A conventional loan is a type of mortgage used to buy a home that isn’t backed by the government. This means it comes from private lenders, like banks or credit unions, and follows their own set of rules, rather than government programs.
Down Payment: When you get a conventional loan, you usually need to make a down payment. This is a portion of the home's price that you pay upfront. It can be as low as 3% of the home’s price for some loans, but putting down more can help you avoid extra costs later.
Credit Score: Lenders will look at your credit score to decide if you qualify for the loan and what interest rate you’ll get. A higher credit score usually helps you get a better deal.
Loan Limits: There’s a maximum amount you can borrow with a conventional loan, which varies based on where you live. In some expensive areas, this limit is higher to accommodate higher home prices.
Interest Rates: You can choose between different types of interest rates with a conventional loan. A fixed-rate mortgage keeps the same interest rate for the entire loan term, making your payments predictable. An adjustable-rate mortgage might start with a lower rate that can change over time.
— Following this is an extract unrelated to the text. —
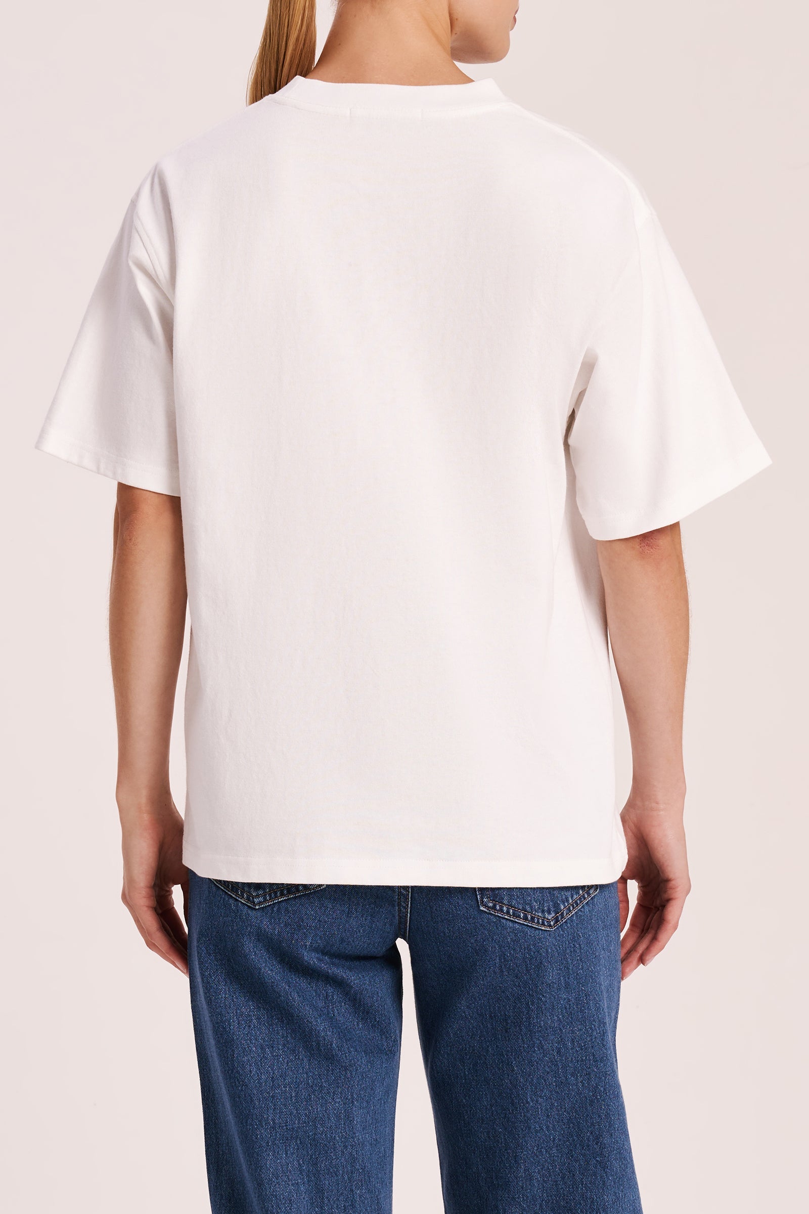 The Haven Emblem Tee is made from a heavyweight organic cotton jersey, which has been washed down for a breathable finish and soft hand feel. The silhouette is a large boxy fit with length finishing just below the hips. Features include a embroidered Nude logo, crew neckline and short sleeves.

Private Mortgage Insurance (PMI): If you put down less than 20% of the home’s price, you might need to pay for PMI. This insurance protects the lender if you don’t make your payments. Once you’ve paid off a certain amount of your loan or your home’s value increases, you might be able to stop paying PMI.
Why Choose a Conventional Loan?
Conventional loans are often flexible and offer competitive rates, especially if you have good credit. They’re a popular choice for many homebuyers because they don’t have the special requirements of government-backed loans.